Я улыбнулся и подумал, что тот врач в вертолете меня, видимо, все же не послушал и поставил какой-то хитрый укол, вводя в искусственное коматозное состояние, потому что у меня глаза снова слипались. Я поддался благотворному соблазну и добросовестно снова уснул. И, похоже, сонному мне «влупили» следующий укол, в результате чего проснулся уже тогда, когда мое плечо было загипсовано «на вертолет»[3]. Для меня это было очень неудобно, поскольку в нормальном сознании я не могу спать на спине, а в любом другом положении гипс будет мешать. Но уговаривать медиков, насколько я знал, дело абсолютно бесполезное. Они традиционно не умеют чувствовать чужую боль. И абсолютно равнодушны к неудобствам своих пациентов. Это у них профессиональное качество, своего рода самозащита – иначе не выдержать на такой работе. У меня уже был однажды подобный перелом на другом плече, и точно такой же гипс наложили. Промучившись только одну ночь, я гипс просто разломал на несколько частей. Но тогда я не лежал в госпитале, а находился дома. Но собственную уловку я запомнил. В том случае, когда пришел в санчасть на осмотр к хирургу, он, естественно, возмутился сломанным гипсом. Я же, памятуя, что наделен природой простоватым и абсолютно честным лицом, вяло пожаловался, что сломал его во сне. И даже собственную вину глазами показывал. Долго, дескать, мучился, не умея уснуть с гипсом, потом уснул, а когда проснулся, он мне уже не мешал.

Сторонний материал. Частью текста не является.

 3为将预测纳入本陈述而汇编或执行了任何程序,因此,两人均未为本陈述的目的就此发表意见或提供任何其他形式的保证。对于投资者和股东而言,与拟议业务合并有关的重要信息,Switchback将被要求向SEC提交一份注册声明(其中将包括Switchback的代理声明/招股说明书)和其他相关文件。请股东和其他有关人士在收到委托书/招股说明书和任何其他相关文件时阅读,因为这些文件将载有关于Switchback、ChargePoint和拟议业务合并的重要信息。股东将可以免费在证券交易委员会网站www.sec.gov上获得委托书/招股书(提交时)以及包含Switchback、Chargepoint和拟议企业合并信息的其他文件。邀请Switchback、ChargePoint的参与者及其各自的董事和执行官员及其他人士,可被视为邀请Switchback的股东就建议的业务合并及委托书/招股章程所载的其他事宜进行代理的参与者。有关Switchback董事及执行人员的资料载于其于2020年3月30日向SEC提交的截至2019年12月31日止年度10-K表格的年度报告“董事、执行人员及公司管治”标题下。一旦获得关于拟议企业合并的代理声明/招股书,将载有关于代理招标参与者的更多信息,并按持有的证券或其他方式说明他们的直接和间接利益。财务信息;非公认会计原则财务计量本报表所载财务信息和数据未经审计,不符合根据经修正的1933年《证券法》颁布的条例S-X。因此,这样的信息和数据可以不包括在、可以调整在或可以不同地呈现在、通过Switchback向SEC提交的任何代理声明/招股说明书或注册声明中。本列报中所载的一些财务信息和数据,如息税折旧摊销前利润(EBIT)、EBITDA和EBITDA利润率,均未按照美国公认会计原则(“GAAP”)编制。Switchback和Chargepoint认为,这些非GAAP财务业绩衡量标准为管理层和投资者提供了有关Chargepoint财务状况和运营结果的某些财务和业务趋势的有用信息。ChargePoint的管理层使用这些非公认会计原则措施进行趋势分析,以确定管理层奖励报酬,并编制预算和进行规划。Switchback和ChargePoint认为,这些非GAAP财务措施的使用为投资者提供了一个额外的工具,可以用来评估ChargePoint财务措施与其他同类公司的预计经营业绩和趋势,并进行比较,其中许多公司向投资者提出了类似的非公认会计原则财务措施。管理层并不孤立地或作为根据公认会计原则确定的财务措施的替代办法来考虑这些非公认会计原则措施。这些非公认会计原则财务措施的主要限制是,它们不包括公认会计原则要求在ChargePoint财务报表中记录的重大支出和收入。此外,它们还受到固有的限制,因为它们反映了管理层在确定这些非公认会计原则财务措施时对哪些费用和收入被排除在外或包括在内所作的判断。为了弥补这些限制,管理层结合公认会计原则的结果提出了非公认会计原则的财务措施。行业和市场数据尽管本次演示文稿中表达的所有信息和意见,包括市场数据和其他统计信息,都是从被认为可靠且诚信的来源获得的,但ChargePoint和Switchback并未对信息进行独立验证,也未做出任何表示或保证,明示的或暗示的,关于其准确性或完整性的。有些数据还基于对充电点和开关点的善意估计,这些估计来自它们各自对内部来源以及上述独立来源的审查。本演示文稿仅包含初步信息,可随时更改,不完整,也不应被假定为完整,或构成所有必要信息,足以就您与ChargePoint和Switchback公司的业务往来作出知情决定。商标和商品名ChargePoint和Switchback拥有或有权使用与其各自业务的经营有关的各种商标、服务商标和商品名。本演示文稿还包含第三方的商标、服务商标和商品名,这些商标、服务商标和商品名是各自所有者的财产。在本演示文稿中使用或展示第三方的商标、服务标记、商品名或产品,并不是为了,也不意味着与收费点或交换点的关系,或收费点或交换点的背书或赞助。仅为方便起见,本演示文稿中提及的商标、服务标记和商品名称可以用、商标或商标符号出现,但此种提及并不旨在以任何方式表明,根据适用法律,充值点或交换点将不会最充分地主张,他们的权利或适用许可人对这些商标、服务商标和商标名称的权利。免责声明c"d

Новый гипс наложили сразу, но и его постигла участь первого. Причем еще до наступления времени сна. В третий раз хирург уже гипс накладывать заново не стал. Понимал, что это бесполезно. Хотя и предупредил меня, что плечо будет болеть лет пять. Но потом мышцы все же стянут скелет и вправят то, что не сумел вправить гипс. Или просто привыкнут к старому перелому. И я привыкну. И он перестанет мне мешать. Только сразу нельзя сильно нагружать плечо, иначе возможны рецидивы. Какие такие рецидивы, хирург не объяснил. Мне показалось, он сам не знал. Просто припугнул на всякий пожарный случай.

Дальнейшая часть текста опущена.